ER stress-induced adipocytes secrete-aldo-keto reductase 1B7-containing exosomes that cause nonalcoholic steatohepatitis in mice.

机构信息

Key Laboratory of Animal Genetics, Breeding and Reproduction of Shaanxi Province, College of Animal Science and Technology, Northwest A&F University, Yangling, Shaanxi, 712100, China.

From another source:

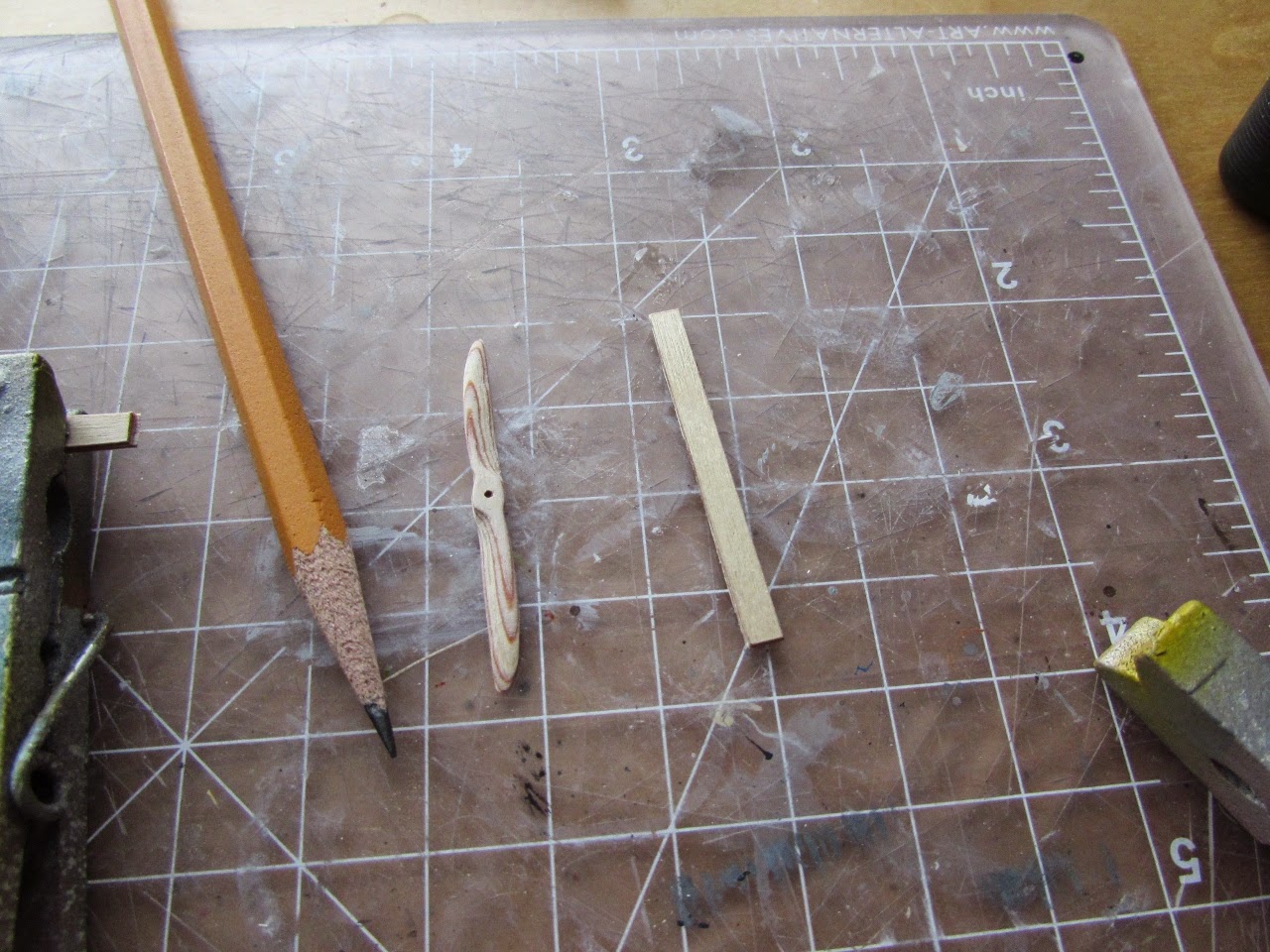 The metal control horns are fabricated. Meanwhile, all the needed holes for rigging and locating elements are drilled in the wings:

Key Laboratory of Animal Genetics, Breeding and Reproduction of Shaanxi Province, College of Animal Science and Technology, Northwest A&F University, Yangling, Shaanxi, 712100, China.

出版信息

Free Radic Biol Med. 2021 Feb 1;163:220-233. doi: 10.1016/j.freeradbiomed.2020.12.011. Epub 2020 Dec 25.

DOI:10.1016/j.freeradbiomed.2020.12.011
PMID:33359683
Abstract

Nonalcoholic steatohepatitis (NASH) is an increasingly prevalent liver disease linked to obesity and associated complications. Endoplasmic reticulum (ER) stress provokes dysfunction in lipid metabolism, which often leads to a progression of obesity-induced hepatic steatosis to NASH. However, the underlying mechanisms in which ER stress in adipose tissue induces hepatic pathology remain elusive. Here, we used male C57BL/6J mice to develop an animal model of NASH induced by a high fat (HFD) diet and methionine- and choline-deficient (MCD) diets. Using a gene-silencing approach with a recombinant lentiviral vector and extensive LC-MS/MS-based proteomics and lipidomics, we demonstrate that the ER stress-induced adipocyte-secreted exosome (ATEx) orchestrates lipid dynamics in the liver. We also noted that ATEx causes hepatic steatosis, inflammation, and fibrosis that lead to NASH through initial accumulation of glycerol and triglycerides in hepatocytes. We also determined that aldo-keto-reductase 1B7 (Akr1b7), a key mediator in liver lipid metabolism, is involved in ATEx-mediated NASH induction. Of note, Akr1b7 deficiency in ER stress-induced ATEx strongly protected the murine liver against HFD and MCD-induced NASH. Our results indicated that ER stress-induced, adipocyte-secreted ATEx triggers NASH by delivering exosomal AKR1B7 to, and elevating glycerol level, in hepatocytes. These findings suggest potential therapeutic strategie that target ATEx to prevent or manage obesity-induced NASH.

摘要

非酒精性脂肪性肝炎(NASH)是一种与肥胖相关的日益普遍的肝脏疾病,其与肥胖相关并发症有关。内质网(ER)应激会引发脂质代谢功能障碍,这通常会导致肥胖引起的肝脂肪变性向 NASH 进展。然而,脂肪组织中 ER 应激如何诱导肝病理的潜在机制仍不清楚。在这里,我们使用雄性 C57BL/6J 小鼠建立了高脂肪(HFD)饮食和蛋氨酸和胆碱缺乏(MCD)饮食诱导的 NASH 动物模型。我们使用重组慢病毒载体的基因沉默方法以及广泛的 LC-MS/MS 基于蛋白质组学和脂质组学,证明了 ER 应激诱导的脂肪细胞分泌的外泌体(ATEx)协调了肝脏中的脂质动态。我们还注意到,ATEx 通过甘油和三酸酯在肝细胞中的初始积累引起肝脂肪变性、炎症和纤维化,从而导致 NASH。我们还确定了醛酮还原酶 1B7(Akr1b7),一种肝脏脂质代谢的关键介质,参与了 ATEx 介导的 NASH 诱导。值得注意的是,内质网应激诱导的 ATEx 中的 Akr1b7 缺乏强烈保护了小鼠肝脏免受 HFD 和 MCD 诱导的 NASH。我们的结果表明,ER 应激诱导的脂肪细胞分泌的 ATEx 通过向肝细胞传递外泌体 AKR1B7 并提高甘油水平来触发 NASH。这些发现表明了通过靶向 ATEx 来预防或管理肥胖引起的 NASH 的潜在治疗策略。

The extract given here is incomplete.